Ask-Anything
Ask-Anything copied to clipboard
Can you provide scripts for generating question & candidates using ChatGPT?
Fine-grained Pose (NTU RGBD), Scene Transition (MovieNet), Unexpected action (FunQA), Egocentric Navigation (VLN-CE) Datasets of these tasks don't have QA annotations and it seems that you generate annotations by yourself with aid of ChatGPT. Could you provide related scripts you used for this?
Good question!
- Fine-grained Pose: We manually combine similar poses and randomly generate the candidates, like
drop(5), pick up(6), sit down(8), stand up(9), hopping(26), jump up(27), squat down(80)
. - Scene Transition: We generate the candidates based on the scene annotation, then use ChatGPT to generate the candidates like
Based on 'From the courtroom to the prison.', please create three similar sentences with different places
. - Unexpected action: We use similar prompts as in the original paper to generate the option as follows
"You are now an assistant for data augmentation. You have extensive experience in video understanding and have mastered this skill. I will provide you with a 'question' and 'answer' regarding a counter-intuitive video.\n" + \
"Your task is to help me understand the content of this paragraph and generate one English question-answer pair from it. The generated question should be closely related to the provided answer.\n" + \
"The format will be multiple choice, where each question has four options - one correct answer and three distractors.\n" + \
f'Question: "{question.strip()}"\n' + \
f'Answer: "{answer.strip()}"\n' + \
"To avoid cheating, the lengths of the correct answer and other distractors MUST be similar.\n" + \
"You need to ONLY return the generated QA in JSON like {'question': '', 'options': [], 'answer': ''}"
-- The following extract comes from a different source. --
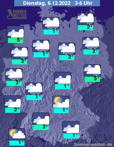In der Nacht auf Dienstag fällt vor allem von NRW bis zur Ostsee immer wieder Regen, Schneeregen oder Schnee, im Südosten des Landes regnet es zeitweise auch kräftiger. Sonst bleibt es unter einer meist geschlossenen Wolkendecke überwiegend trocken, einzelne Auflockerungen und Nebelbildung gibt es lokal im Süden und Südwesten.
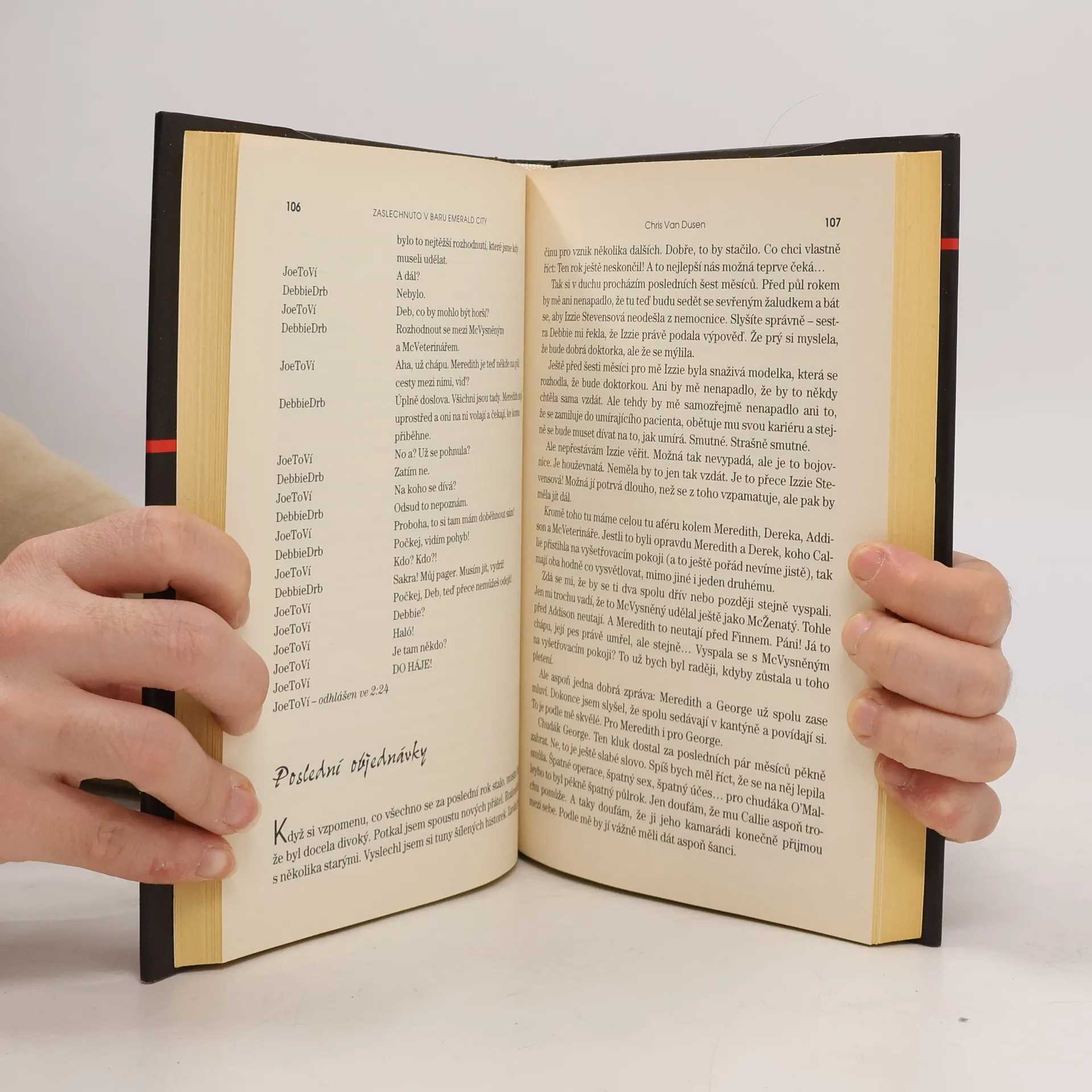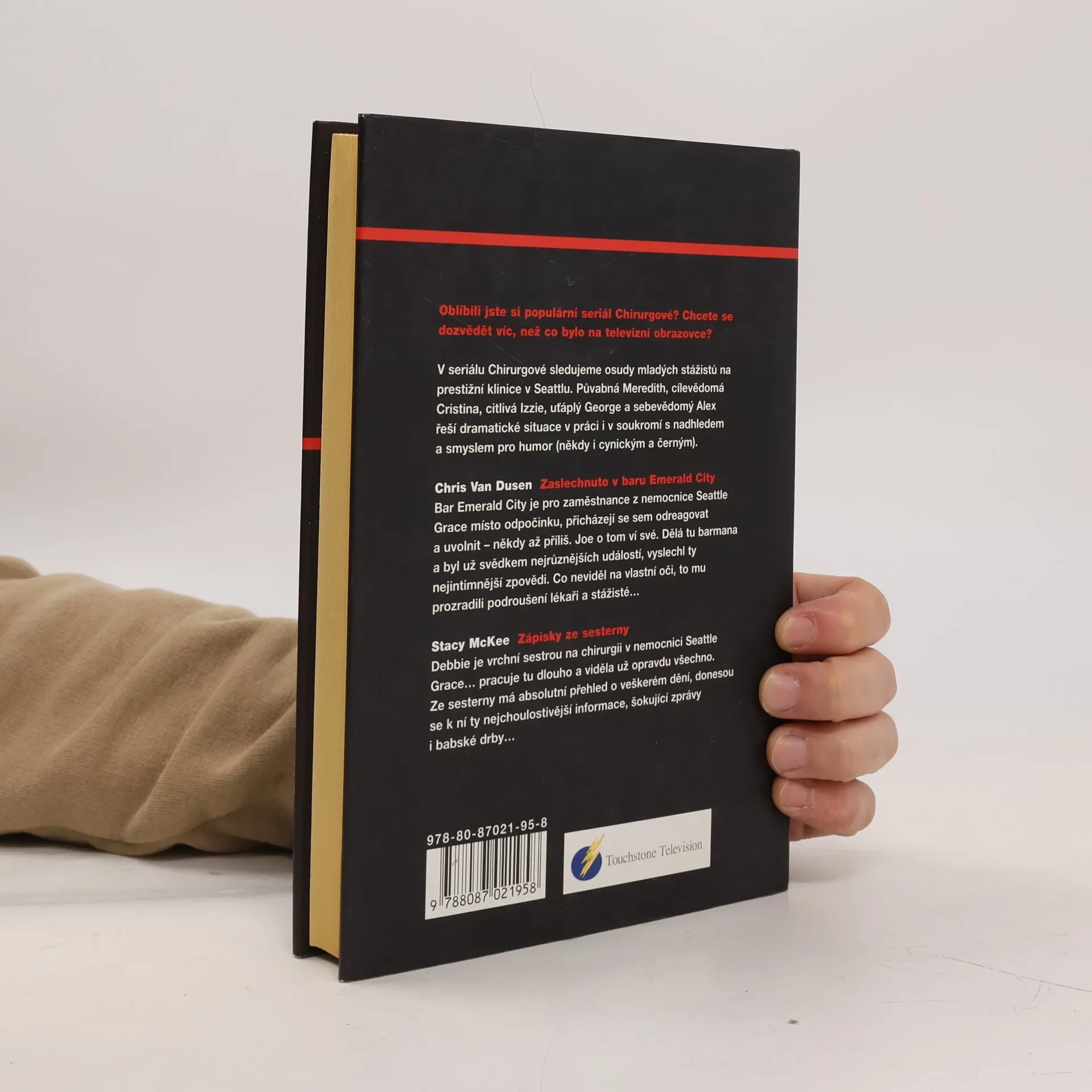 Chirurgové - Stacy McKee, Chris van Dusen Poznejte Meredith, Izzie, George, Alexe a Cristinu. Včera byli studenty, dnes jsou doktory. A pokud zvládnou sedm hrozných let v nemocnici Grace, budou z nich chirurgové. Ale svět se kvůli nim ani jejich obtížné stáži nezastaví a oni se musí vypořádat také se žárlivými partnery, nemocnými rodiči, milostnými románky a domácími krizemi, při kterých se musí spolehnout jeden na druhého. Tato kniha Vám je představí z pohledu dvou zdánlivě nezaujatých hrdinů. Vrchni sestry Debbie a barmana Joa.

We will check the option's length. If the length difference is large, we will regenerate it.
- Egocentric Navigation: We randomly generate the candidates from
move forward, stop, turn left and move forward, turn right and move forward
.
@Andy1621 I can't find question annotations, as well as options you mentioned. I navigated the datasets, but the question annotations were not in the original datasets. At least It seems that Fine-grained Pose has limited set of questions (like, Which one of these descriptions correctly matches the actions in the video?) but the others (MovieNet, VLN-CE) don't. Also, there's no annotation for NTU RGBD at all. Did you annotate the data with watching videos by yourself?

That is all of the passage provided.